Sadly this can happen in a variety of ways and for variety of reasons and there are a bunch of bug reports on this issue e.g. https://gitlab.freedesktop.org/drm/amd/-/issues/1974 which suggests you might want to try and put the GPU into high performance mode, as some guesses are in the direction of power/voltage being insufficient, so try some of the feature masks mentioned there and maybe explicitly enabling high performance mode like mentioned in https://wiki.archlinux.org/title/AMDGPU … cy_problem for example.
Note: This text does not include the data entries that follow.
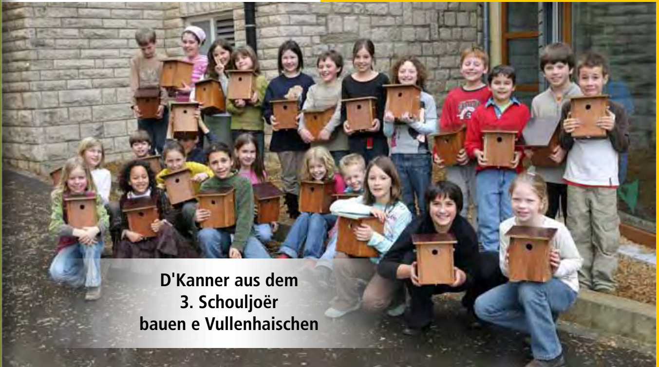
D'Kanner aus dem 3. Schouljoër bauen e Vullenhaischen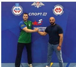
Победа Дегтярева – прежде всего преодоление самого себя

В целом фонд обеспечивает полноценное сопровождение ветеранов специальной военной операции, а также членов семей погибших бойцов, ока-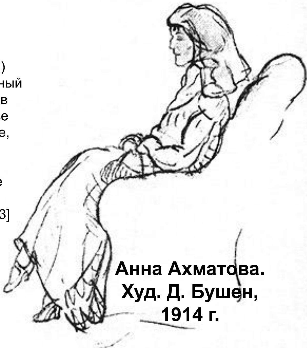
Анна Ахматова. Худ. Д. Бушен, 1914 г.

Анне Ахматовой В начале века профиль странный (Истончен он и горделив) Возник у лиры. Звук желанный Раздался, остро воплотив Обиды, горечь и смятенье Сердце, выдавших острие, Где в неизбежном столкновеньи Два века бились за свое . С. Городецкий, [1911-1913]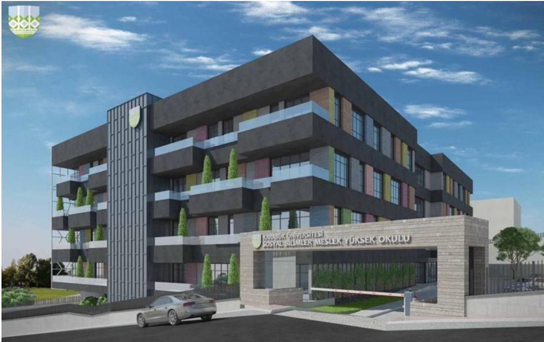
Sosyal Bilimler Meslek Yüksekokulu Projesi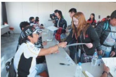
Honda Racingドライバー・ライダーが集合しての豪華なサイン会。抽選で選ばれたお客さまにご参加いただきました。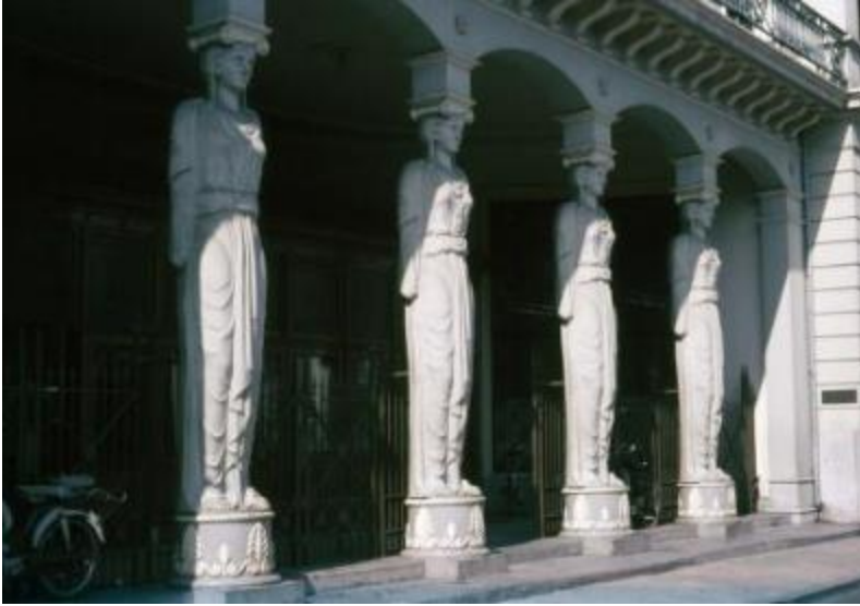
Figuur 2. P. Adams, Kariatiden Winkel van Sinkel, 800609, Oudegracht 158, Utrecht.

OT: Your gitea is crashing hundreds of times, might want to fix the perms on that config file or simply disable and stop the gitea service since it isn't coming up anyway
Last edited by V1del (2023-04-20 08:40:58)
Offline
Knowing I didn't had these problems before, I feel like putting my GPU on a high performance mode would be a bit... mmh, avoiding the heart of the problem and admit my defeat... welp I mean that sounds awful to be forced to change my GPU config just to avoid crashes I didn't had before. Maybe I'm misunderstanding that idea, but won't that lower my GPU's power?
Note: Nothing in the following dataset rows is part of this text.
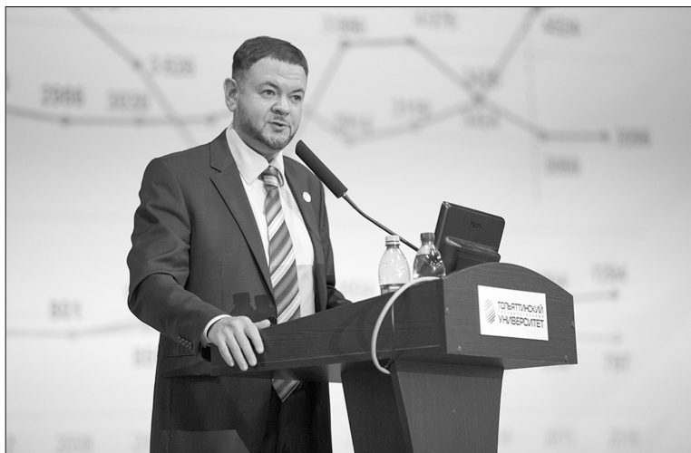
■ Развиваться, а не выживать

собственного финансирования и 292 миллиона рублей в целом.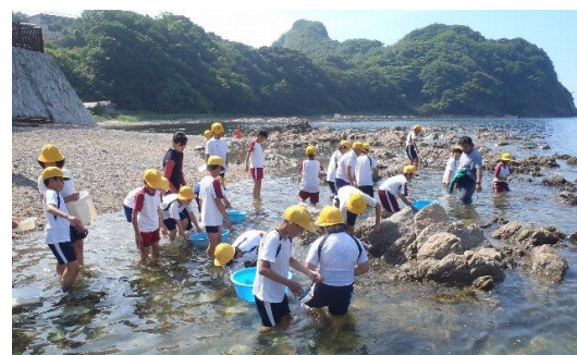
自然学校における水辺での活動（竹野海岸）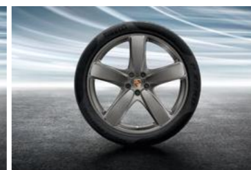
21" Sport Classic ljetni set točkova sa pneumaticima, u boji platine (satenski sjaj)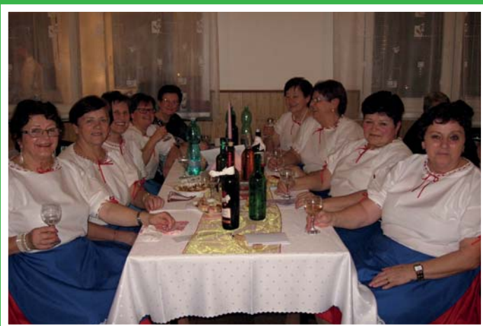
Seniorky na návštěvě v Prietržke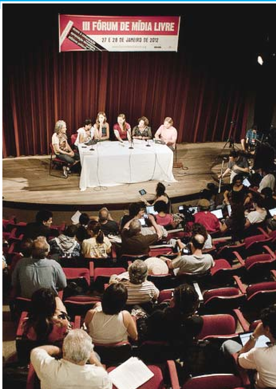
Coletivo Fora do Eixo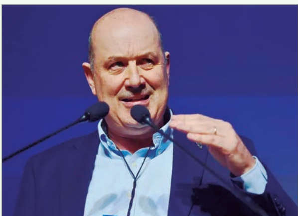
El ministro sostuvo que la "modernización" laboral busca reducir la informalidad y dar flexibilidad al empleo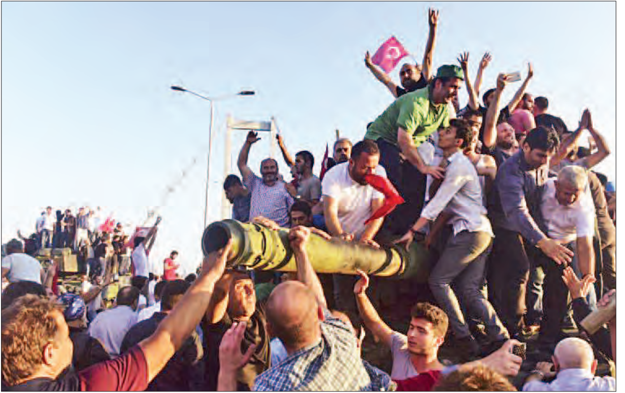
သမ္မတအယ်ဒိုဂ်က အာဏာသိမ်းပိုက်မှု၏ အရင်းအမြစ်ကို သေချာစုံစမ်းစစ်ဆေးမည်ဖြစ်ပြီး အလားတူဖြစ်ရပ်မျိုး နောက်ထပ်မပေါ်ပေါက်စေရန် ကြိုးပမ်းမည်ဖြစ်သည်ဟု ပြည်သူများအားကတိပေးပြောကြားခဲ့သည်။ အင်န်အိတ်ချ်ကေ။

အဆိုပါ အာဏာသိမ်းပိုက်ရန်ကြိုးပမ်းမှုဖြစ်စဉ်ကို ဘာသာရေးခေါင်းဆောင် ဖီသုလာရှ် ဂုလ်နီ၏နောက်လိုက်များက ကြိုးကိုင်ဆောင်ရွက်ခဲ့ခြင်းဖြစ်သည်ဟု ဝန်ကြီးချုပ်ကဆက်လက်ပြောသည်။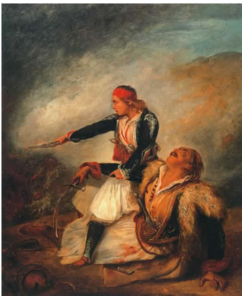
Ary Scheffer : Ο υιός υπερασπίζεται τον θνήσκοντα πατέρα στη μάχη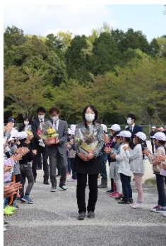
▲退任式で児童の見送り

約半年間、お世話になりました。年度途中からの赴任でわからないことが多い中、優しい皆さんはたくさんのお話を教えてくれました。皆さんと過ごした時間は、とても温かく今でも心に残っています。これからも心と体を大切にしてい、成長していつてくださいます。離れてもずっと応援しています。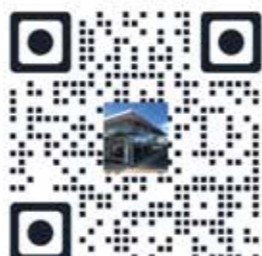
Autohaus Bläse GmbH – Am Gallengraben 2 – 73529 Schwäbisch Gmünd

Das Team vom Autohaus Bläse wünscht eine erfolgreiche Saison!

I'll try reinstalling my video drivers.
I noticed about Gitea, thanks for pointing it out anyways, I'll solve that.
Offline
No setting it to high performance mode will make it perform at a higher clock frequency in order to prevent stalls from faulty power management attempts, it should/would draw more power but be generally more performant.
When was "working before"? Specific kernel version? You can also test e.g. the LTS kernel.
Offline
OP is missing the GCVM_L2_PROTECTION_FAULT_STATUS that got relevant for the other thread and some more.
when I try to use 3D-powered applications like Windows games (with Wine) or Blender
would/should™ move to the performance mode anyway and regardless of the desired behavior, testing the impact of the HP mode on the situation will help to understand the nature of it.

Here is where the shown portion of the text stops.